======== DATA EXTRACT ========
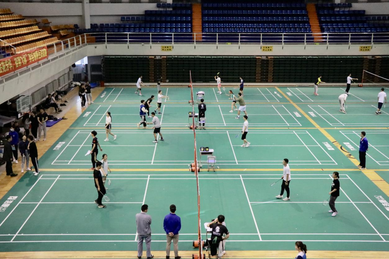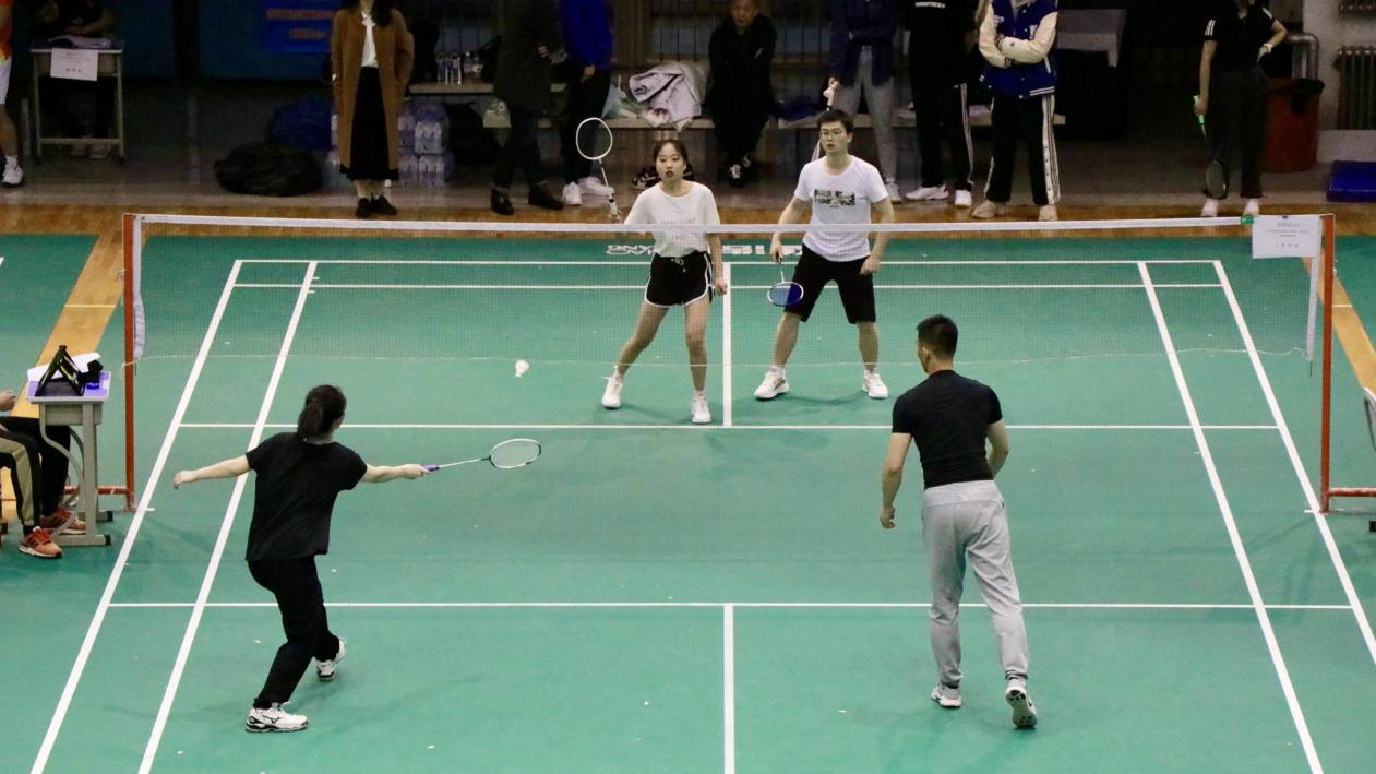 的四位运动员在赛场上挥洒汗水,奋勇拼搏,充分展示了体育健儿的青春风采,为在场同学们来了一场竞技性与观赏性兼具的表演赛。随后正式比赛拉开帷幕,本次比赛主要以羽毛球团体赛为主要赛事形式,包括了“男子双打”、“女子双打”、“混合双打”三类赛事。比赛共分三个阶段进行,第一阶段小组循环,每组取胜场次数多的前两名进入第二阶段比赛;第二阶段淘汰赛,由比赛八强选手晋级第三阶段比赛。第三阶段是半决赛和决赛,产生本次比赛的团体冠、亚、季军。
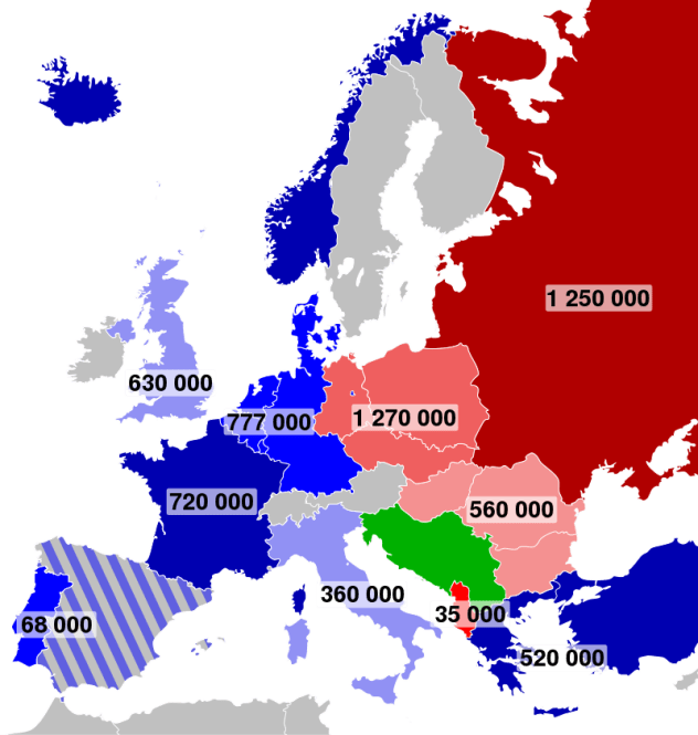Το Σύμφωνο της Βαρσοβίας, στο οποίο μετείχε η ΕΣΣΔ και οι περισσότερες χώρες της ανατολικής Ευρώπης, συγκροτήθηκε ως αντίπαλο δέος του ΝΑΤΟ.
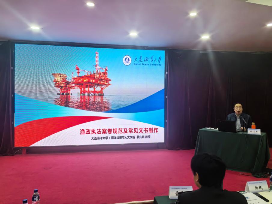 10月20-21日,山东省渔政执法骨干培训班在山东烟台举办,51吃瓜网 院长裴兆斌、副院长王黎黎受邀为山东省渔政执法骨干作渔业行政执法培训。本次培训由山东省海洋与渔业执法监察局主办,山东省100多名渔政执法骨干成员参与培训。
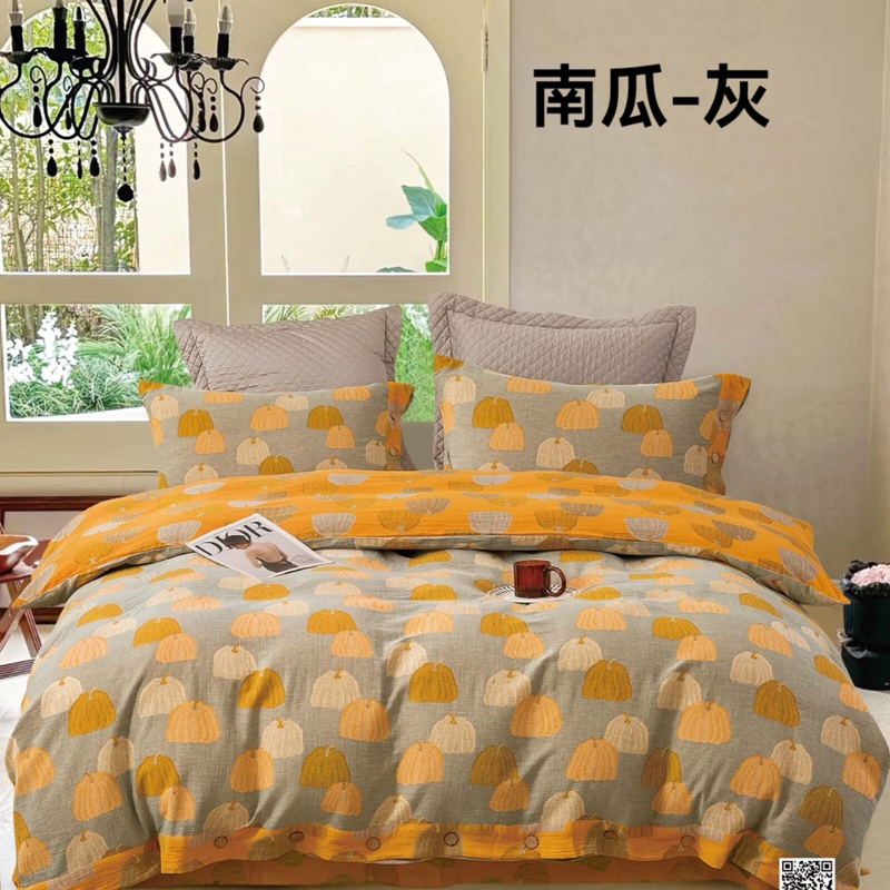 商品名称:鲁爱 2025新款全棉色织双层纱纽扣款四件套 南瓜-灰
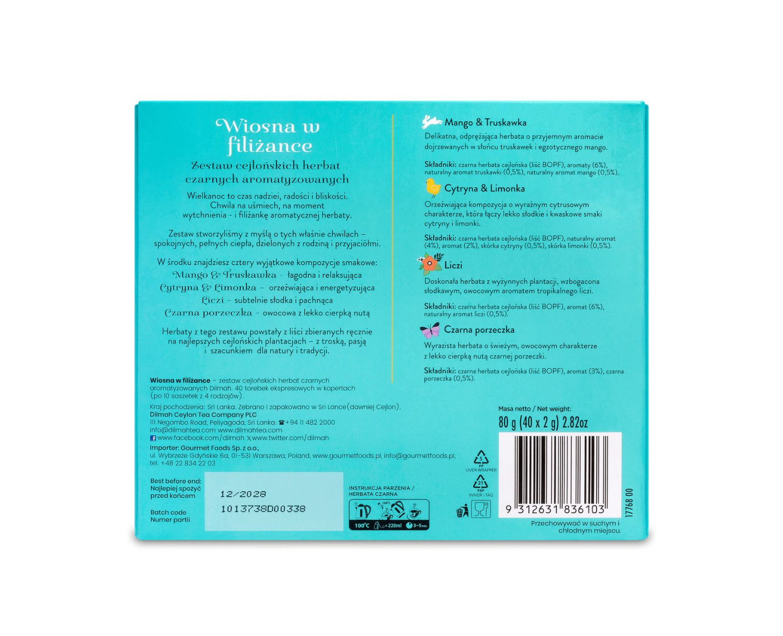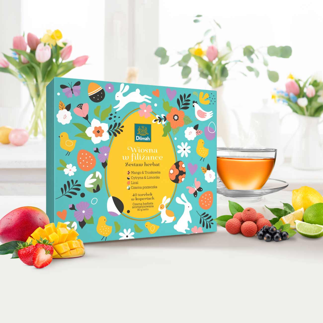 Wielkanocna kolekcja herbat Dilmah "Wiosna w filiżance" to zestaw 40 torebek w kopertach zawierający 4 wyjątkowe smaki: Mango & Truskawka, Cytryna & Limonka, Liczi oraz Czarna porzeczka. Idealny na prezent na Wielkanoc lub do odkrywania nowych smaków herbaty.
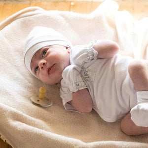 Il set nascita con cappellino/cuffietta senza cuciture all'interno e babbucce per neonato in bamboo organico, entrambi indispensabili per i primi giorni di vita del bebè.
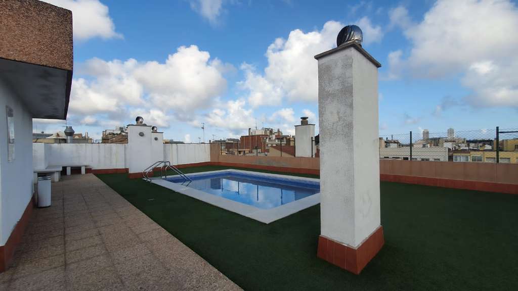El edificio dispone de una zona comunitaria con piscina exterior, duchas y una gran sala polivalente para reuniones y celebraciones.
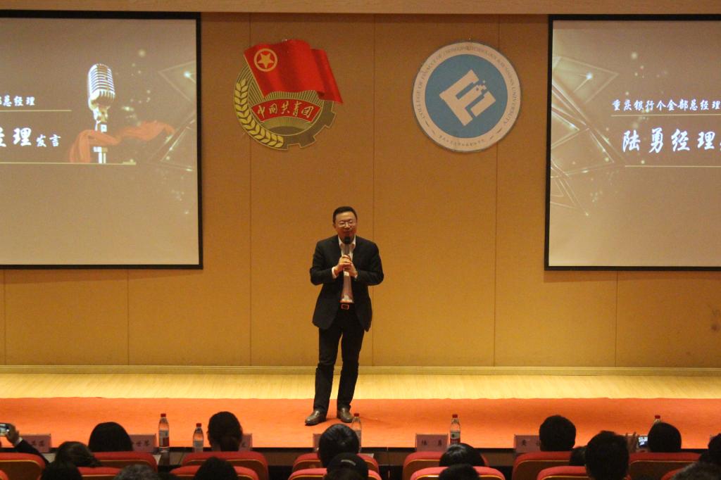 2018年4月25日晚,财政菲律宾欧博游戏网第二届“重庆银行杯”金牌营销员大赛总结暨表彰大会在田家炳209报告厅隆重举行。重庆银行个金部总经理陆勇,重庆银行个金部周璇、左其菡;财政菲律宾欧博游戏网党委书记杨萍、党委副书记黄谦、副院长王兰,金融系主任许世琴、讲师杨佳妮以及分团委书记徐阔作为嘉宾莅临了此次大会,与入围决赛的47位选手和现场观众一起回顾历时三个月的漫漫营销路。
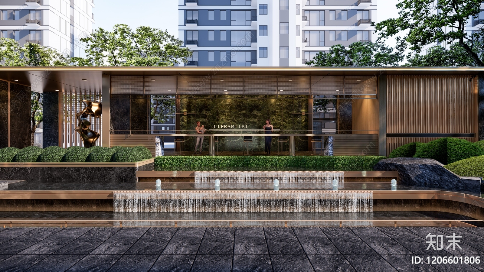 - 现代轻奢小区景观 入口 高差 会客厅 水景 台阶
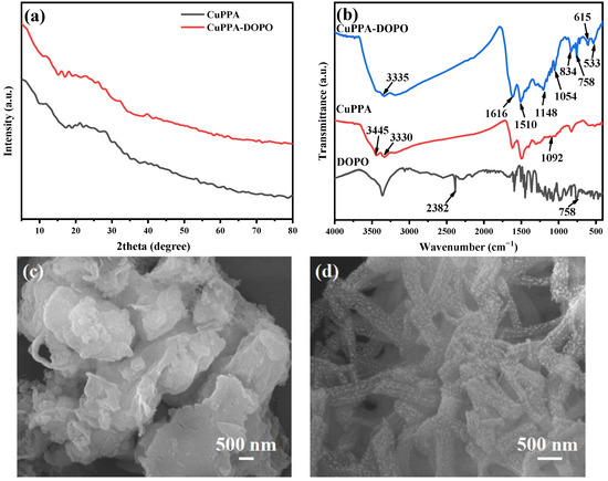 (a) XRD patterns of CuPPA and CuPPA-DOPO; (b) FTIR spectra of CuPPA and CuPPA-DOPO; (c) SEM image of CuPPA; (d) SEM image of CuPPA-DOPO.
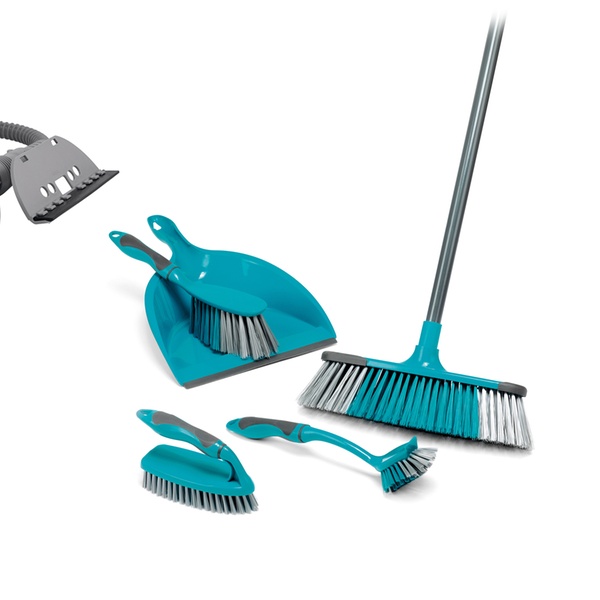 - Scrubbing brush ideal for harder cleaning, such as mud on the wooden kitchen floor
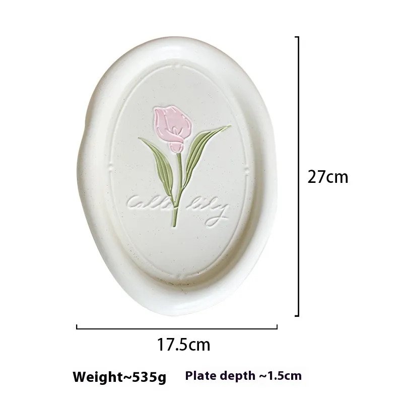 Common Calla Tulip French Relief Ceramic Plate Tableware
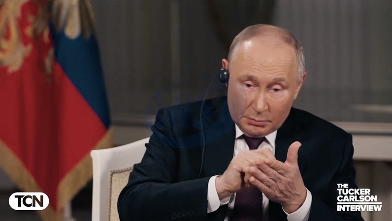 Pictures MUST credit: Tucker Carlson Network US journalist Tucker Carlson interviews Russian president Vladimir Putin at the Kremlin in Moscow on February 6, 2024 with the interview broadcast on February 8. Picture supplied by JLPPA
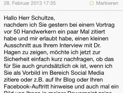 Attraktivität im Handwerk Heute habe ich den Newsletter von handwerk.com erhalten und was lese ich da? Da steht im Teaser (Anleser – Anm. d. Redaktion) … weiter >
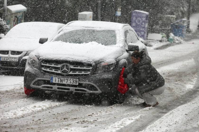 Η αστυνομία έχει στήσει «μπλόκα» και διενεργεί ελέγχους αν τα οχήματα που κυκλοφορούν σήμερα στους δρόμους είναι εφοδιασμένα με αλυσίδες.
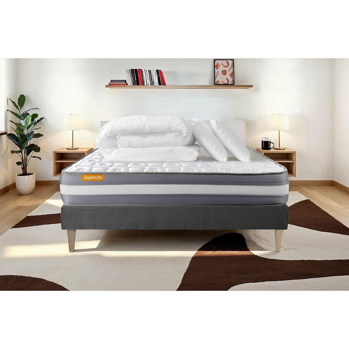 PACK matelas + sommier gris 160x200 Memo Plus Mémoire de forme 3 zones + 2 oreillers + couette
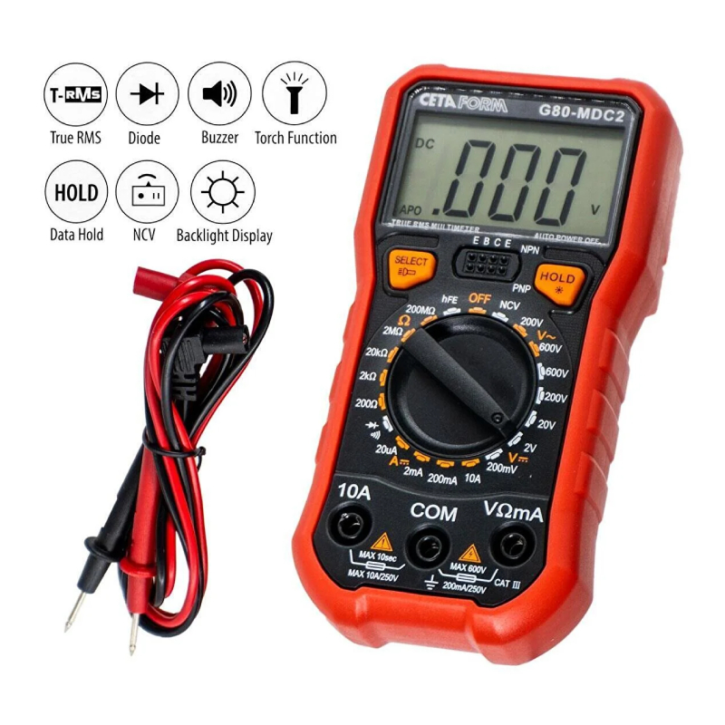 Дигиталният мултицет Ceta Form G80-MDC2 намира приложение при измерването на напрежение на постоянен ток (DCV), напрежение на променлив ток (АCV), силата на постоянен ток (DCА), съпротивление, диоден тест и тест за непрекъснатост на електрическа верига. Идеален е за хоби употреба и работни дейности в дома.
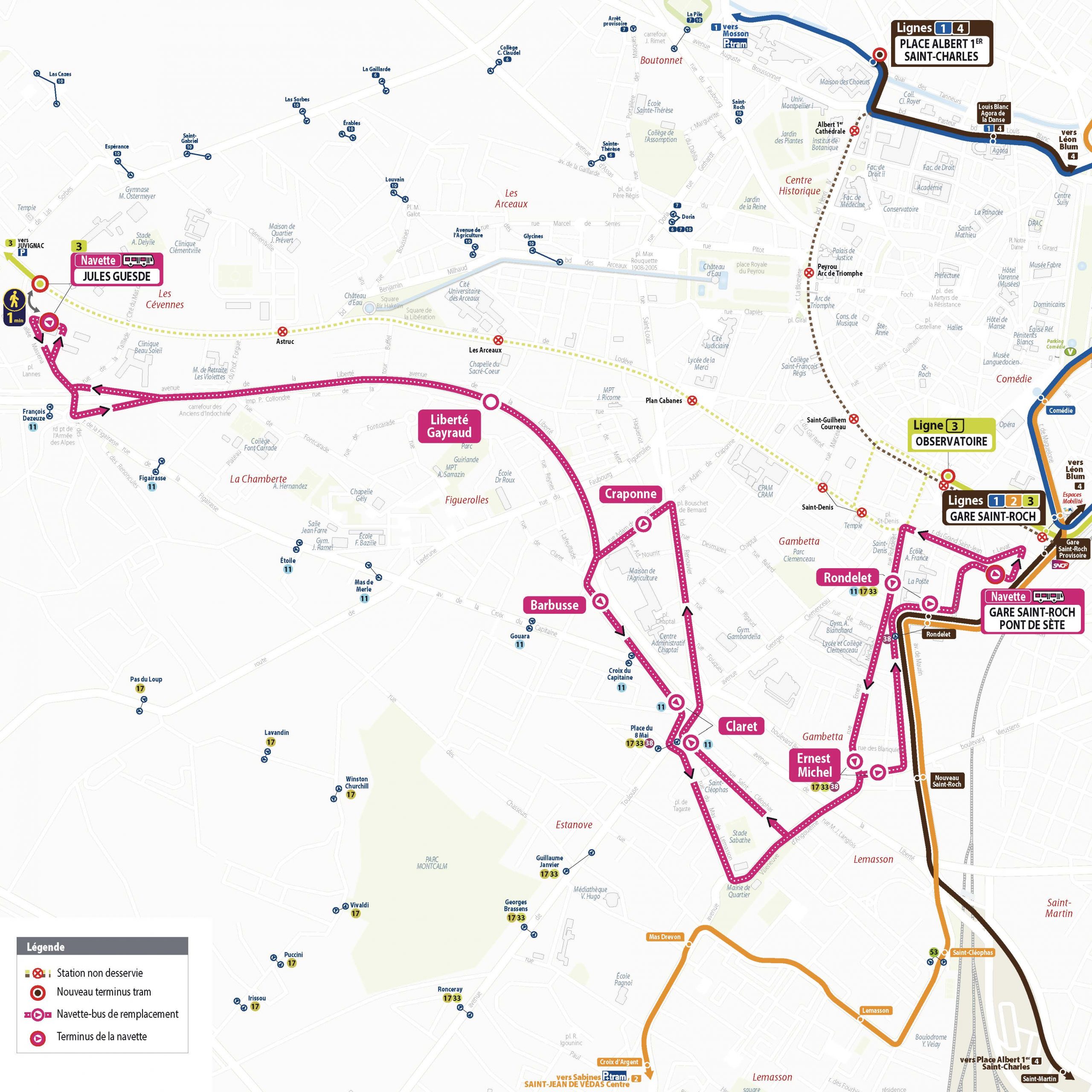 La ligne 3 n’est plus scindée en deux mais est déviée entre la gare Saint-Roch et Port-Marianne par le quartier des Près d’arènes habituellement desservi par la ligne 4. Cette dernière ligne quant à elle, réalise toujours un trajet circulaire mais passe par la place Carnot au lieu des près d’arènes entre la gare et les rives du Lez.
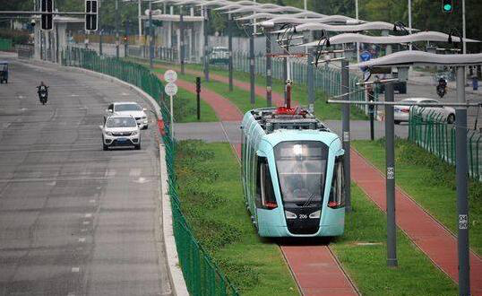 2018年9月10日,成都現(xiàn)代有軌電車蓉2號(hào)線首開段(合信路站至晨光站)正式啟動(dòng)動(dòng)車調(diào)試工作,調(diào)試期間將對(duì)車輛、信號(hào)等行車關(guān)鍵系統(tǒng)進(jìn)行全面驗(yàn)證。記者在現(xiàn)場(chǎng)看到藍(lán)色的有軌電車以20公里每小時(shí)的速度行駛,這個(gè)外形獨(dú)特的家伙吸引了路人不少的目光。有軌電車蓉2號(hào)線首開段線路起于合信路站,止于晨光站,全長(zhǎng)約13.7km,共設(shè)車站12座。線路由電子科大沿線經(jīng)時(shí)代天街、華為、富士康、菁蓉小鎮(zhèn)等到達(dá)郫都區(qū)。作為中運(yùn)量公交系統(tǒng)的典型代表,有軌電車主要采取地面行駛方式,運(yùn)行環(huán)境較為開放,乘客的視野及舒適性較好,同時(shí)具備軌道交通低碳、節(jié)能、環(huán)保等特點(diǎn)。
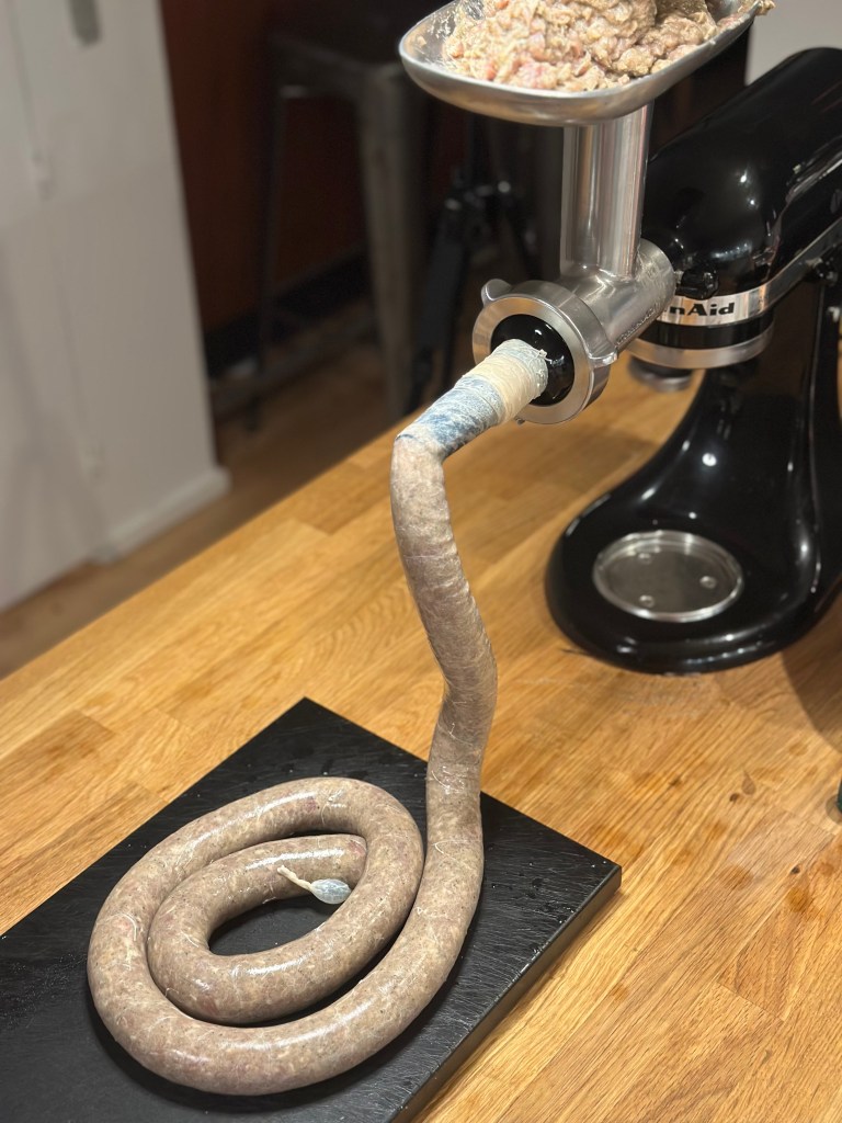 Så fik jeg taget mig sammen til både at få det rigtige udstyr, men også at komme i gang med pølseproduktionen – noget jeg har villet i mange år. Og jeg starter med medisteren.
========
◆ DESCRIPTION OF THE TASK: Copy exactly the lines of the listing above between the one holding "- Scrubbing brush" and the one holding "PACK matelas +", inclusive; omit all pictures.

◆ ANSWER FOR THIS EXERCISE:
 - Scrubbing brush ideal for harder cleaning, such as mud on the wooden kitchen floor
 Common Calla Tulip French Relief Ceramic Plate Tableware
 Pictures MUST credit: Tucker Carlson Network US journalist Tucker Carlson interviews Russian president Vladimir Putin at the Kremlin in Moscow on February 6, 2024 with the interview broadcast on February 8. Picture supplied by JLPPA
 Attraktivität im Handwerk Heute habe ich den Newsletter von handwerk.com erhalten und was lese ich da? Da steht im Teaser (Anleser – Anm. d. Redaktion) … weiter >
 Η αστυνομία έχει στήσει «μπλόκα» και διενεργεί ελέγχους αν τα οχήματα που κυκλοφορούν σήμερα στους δρόμους είναι εφοδιασμένα με αλυσίδες.
 PACK matelas + sommier gris 160x200 Memo Plus Mémoire de forme 3 zones + 2 oreillers + couette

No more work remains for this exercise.